Chapter 4: A untuk Amaranth

146 19 75
                                    

Gadis itu bernama Rin Schreiber, putri tunggal Aron Schreiber, seorang pengusaha kaya raya yang berasal dari Jerman.

"Bagaimana dengan sekolahmu?"

"Baik-baik saja, tidak ada yang istimewa kecuali aku terpilih menjadi Ketua OSIS."

"Kamu layak mendapatkan posisi itu."

Selain kaya, gadis itu dianugerahi dengan paras cantik dengan rambut coklat bergelombang dan mata biru. Rin selalu mendapat peringkat satu pararel di sekolah dan sering menjadi juara pertama dalam setiap perlombaan. Keahliannya tidak berhenti begitu saja, dia juga berbakat bermain catur dan voli. Singkatnya, Rin adalah manusia serba bisa.

"Bagaimana menurutmu?" tanya Ayah seraya menyerahkan amplop berwarna merah jambu. Mata birunya yang serupa berkilat-kilat menatap Rin dengan tajam. Sejenak, Rin merasa asing dengan sosok yang berada tepat di depannya.

Seperti bukan Aron Schreiber.

"Aku sama sekali tidak mengingat sekolah membangun asrama," kata Rin ketika selesai membaca surat dalam amplop. ,

Mereka berdua tidak bersuara lagi selama kurang lebih lima menit. Ayah masih mengamati dengan mata yang sama, sementara Rin sibuk membolak-balikkan amplop berwarna merah jambu itu dengan gugup. Gadis itu memilah kata-kata yang tepat hanya untuk menjawab pertanyaan sang ayah.

"Selera mereka aneh," kata Rin memecah keheningan diantara mereka berdua. "Aku rasa warna emas lebih cocok untuk mengundang seorang murid untuk tinggal di asrama, terlihat lebih elegan. Warna ini cocok untuk pasangan kekasih."

Mendengar jawaban dari putri semata wayang membuat sudut bibir Aron Schreiber terangkat, tersenyum menenangkan selayaknya ayah normal yang sedang melihat putrinya ketakutan. Pemandangan itu tampak biasa saja jika Rin menyingkirkan pikiran bahwa Aron adalah sosok orang tua yang 'maha benar'.

"Aku tidak perlu mengatakan apa pun. Kamu bebas memilih dan tetaplah berpegang teguh pada moto Keluarga Schreiber," kata Ayah sebelum masuk ke dalam kamarnya meninggalkan Rin yang sedang menghela napasnya lega. Berada pada satu ruangan yang sama dengan sang ayah membuat umur Rin kian memendek.
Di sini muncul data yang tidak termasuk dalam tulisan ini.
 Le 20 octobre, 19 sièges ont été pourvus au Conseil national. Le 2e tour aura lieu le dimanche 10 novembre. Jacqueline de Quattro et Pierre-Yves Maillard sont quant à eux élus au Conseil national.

Namanya Rin Schreiber, seorang gadis berumur tujuh belas tahun yang hanya hidup dengan seorang ayah. Ibunya telah tiada, jauh sebelum Rin bisa berjalan dan berlari-dalam artian Rin sama sekali tidak mengenal sosok yang telah mengandungnya selama sembilan bulan. Rin sama sekali tidak menyesal ketika mengetahui sang ibu pergi atau ayah yang tidak berniat untuk mencari ibu tiri.

Meski demikian, gadis itu menyadari bahwa seorang Rin Schreiber juga merasakan sesuatu yang sering disebut 'kesepian'. Rin menyesali dirinya yang terlalu lemah dan semakin membenci Aron yang jarang berada di rumah. Pria itu selalu menghabiskan waktunya bersama kertas-kertas tidak berguna dan pergi ke luar kota tanpa pamit. Semakin kuat Rin membenci Aron Schreiber, semakin mirip pula gadis itu dengan sang ayah.
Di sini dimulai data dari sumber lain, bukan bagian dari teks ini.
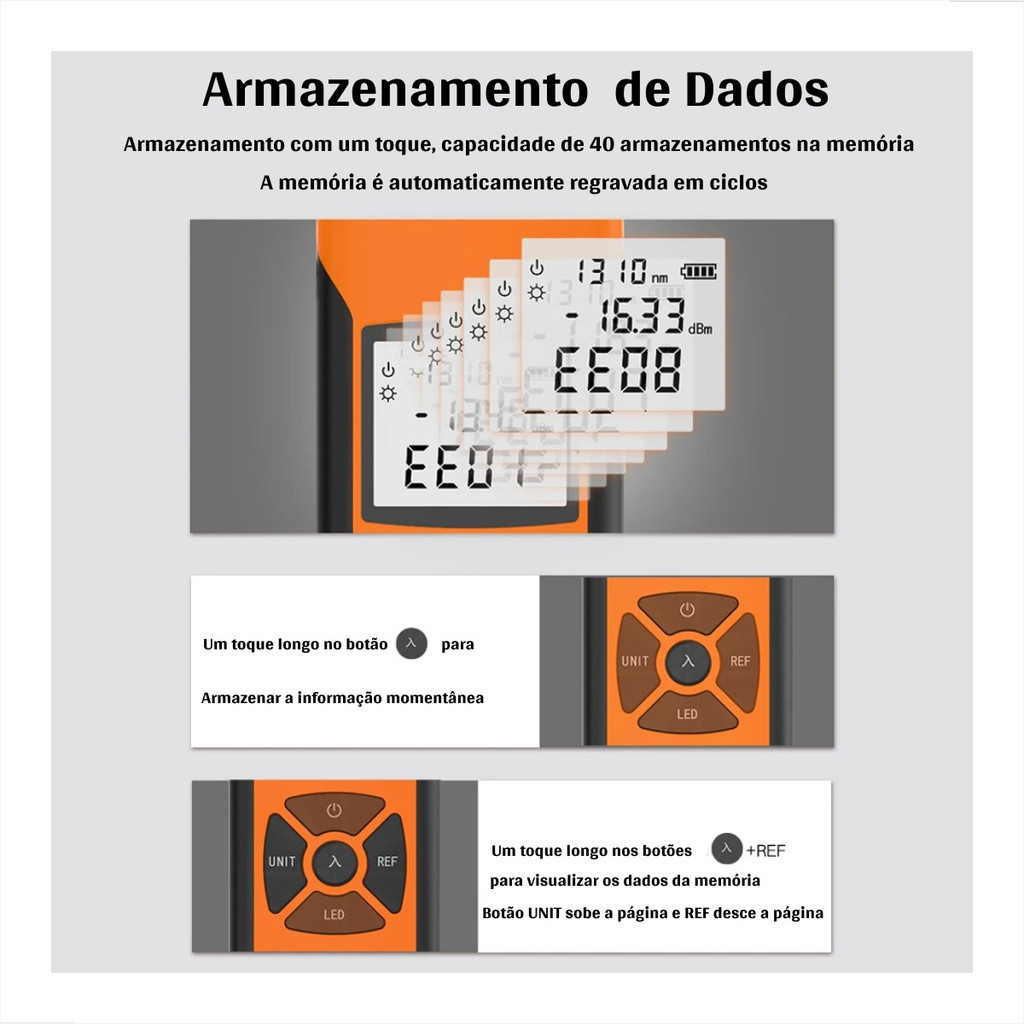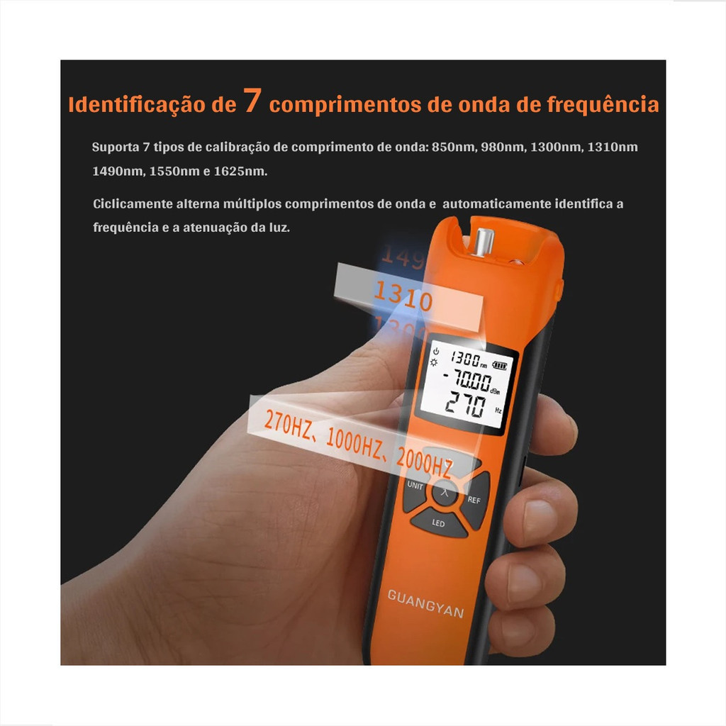 Medidor de Potência Óptica Mini G10 | Faixa -70dBm a +6dBm | LCD Iluminado | Portátil

Sama-sama berhati dingin dan arogan.

"Nona muda?"

Rin membuang amplop itu ke tempat sampah. "Moto keluarga Schreiber adalah 'selalu menjadi nomor satu'. Siapkan semua hal yang aku butuhkan di asrama. Jangan membuatku menunggu lebih lama!"

-*-

"H-halo. Apa kamu bisa berbahasa indonesia?"
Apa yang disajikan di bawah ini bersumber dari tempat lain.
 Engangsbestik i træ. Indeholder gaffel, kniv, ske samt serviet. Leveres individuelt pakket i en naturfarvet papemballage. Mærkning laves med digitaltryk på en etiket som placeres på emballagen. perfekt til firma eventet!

"Sebentar, Ta. Aku ingat beberapa kata perkenalan dalam bahasa inggris."

Rin belum sempat berkomentar betapa menyedihkan asrama yang telah mengundangnya. Gadis itu tidak membicarakan kualitas asrama, tempat ini bisa dikatakan layak huni dan nyaman. Namun, kegiatannya terpaksa terhenti karena dua orang gadis tiba-tiba menghadang jalan-meminta berkenalan.